5 En een tiende deel ener efa meelbloem, ten spijsoffer, gemengd met het vierendeel van een hin van gestoten olie.
6 Het is het gedurig brandoffer, hetwelk op den berg Sinai ingesteld was tot een liefelijken reuk, een vuuroffer den HEERE.
7 En zijn drankoffer zal zijn het vierendeel van een hin, voor het ene lam; in het heiligdom zult gij het drankoffer des sterken dranks den HEERE offeren.

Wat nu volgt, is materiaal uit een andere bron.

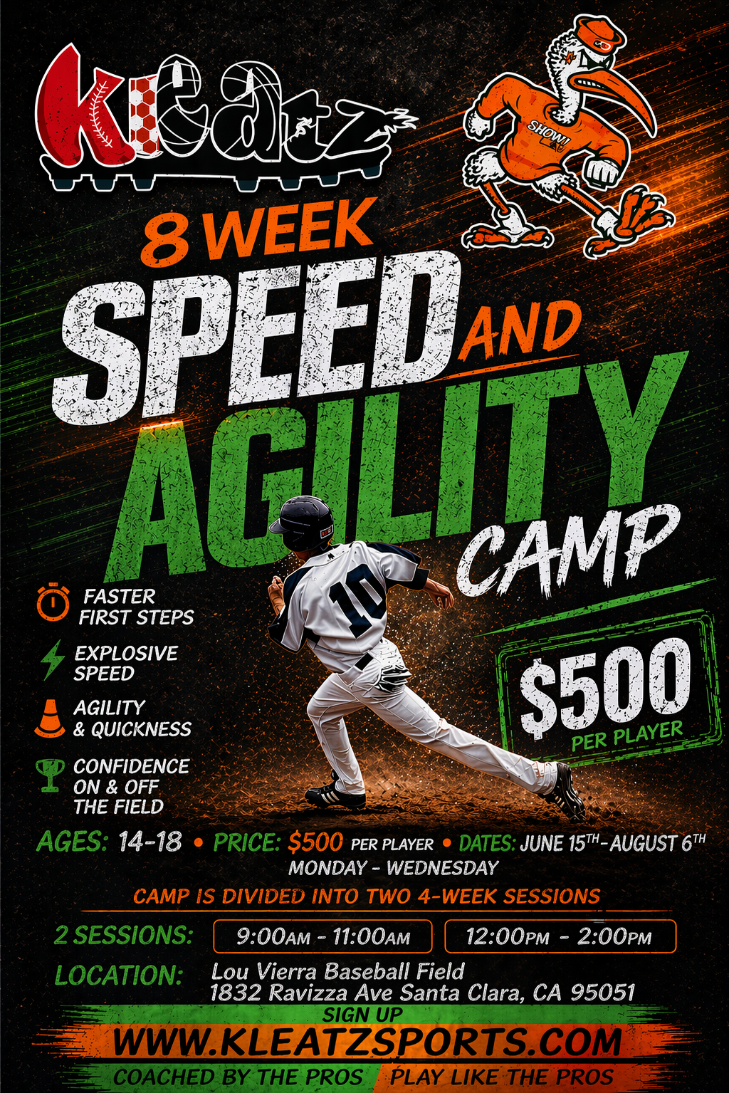 The Kleatz Sports and Show Cali offers the opportunity for athletes to receive valuable instructions from professional baseball players on the fundamentals of speed and agility. Athletes will be made aware of the characteristics that define being athletic.
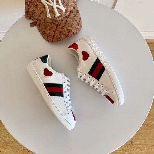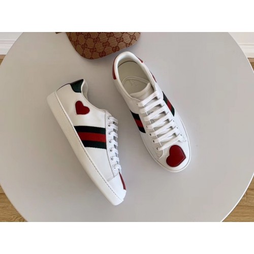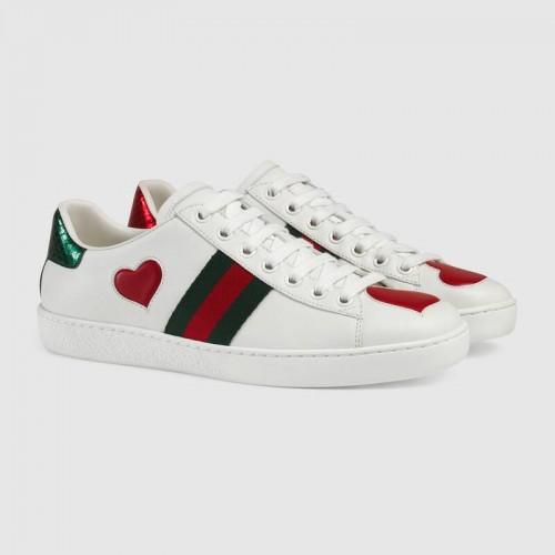 Gucci Ace Leather Low-Top Lovers Sneakers Web Heart Creamy 435638
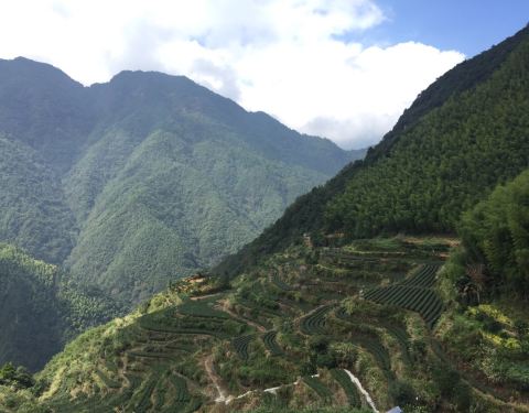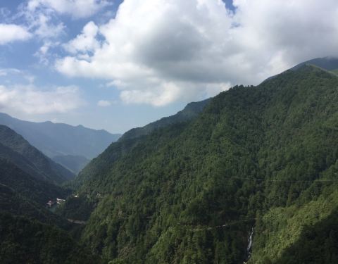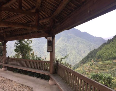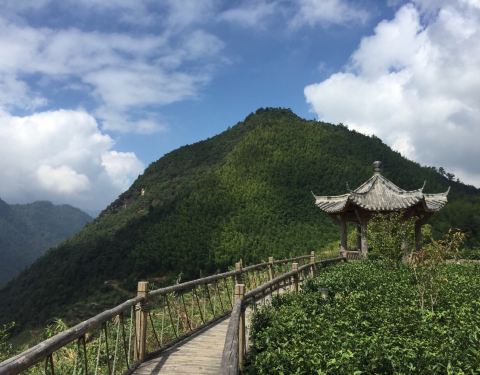 龙泉山景区门口的一处高山村落,可作为进入景区前的补给站。公路两边有好多农家乐,吃饭住宿都有,适逢饭点随意选了一家,吃了野猪肉,那肉质那口感绝对是一头常年奔跑的猪。村子中间有一处观景平台,坐在连廊下,吹着阵阵凉风俯瞰连绵的山脉全景,心旷神怡。继续往前猕猴谷方向,有一条依山而建的步栈道,走走停停看看山下的茶园,景色好美。通往猕猴谷方向一路直下,体力不支走了一半就回头了。

8 En het andere lam zult gij bereiden tussen de twee avonden; gelijk het spijsoffer des morgens, en gelijk zijn drankoffer zult gij het bereiden, ten vuuroffer des liefelijken reuks den HEERE.
9 Maar op den sabbatdag twee volkomen eenjarige lammeren, en twee tienden meelbloem, ten spijsoffer, met olie gemengd, mitsgaders zijn drankoffer.
10 Het is het brandoffer des sabbats op elken sabbat, boven het gedurig brandoffer, en zijn drankoffer.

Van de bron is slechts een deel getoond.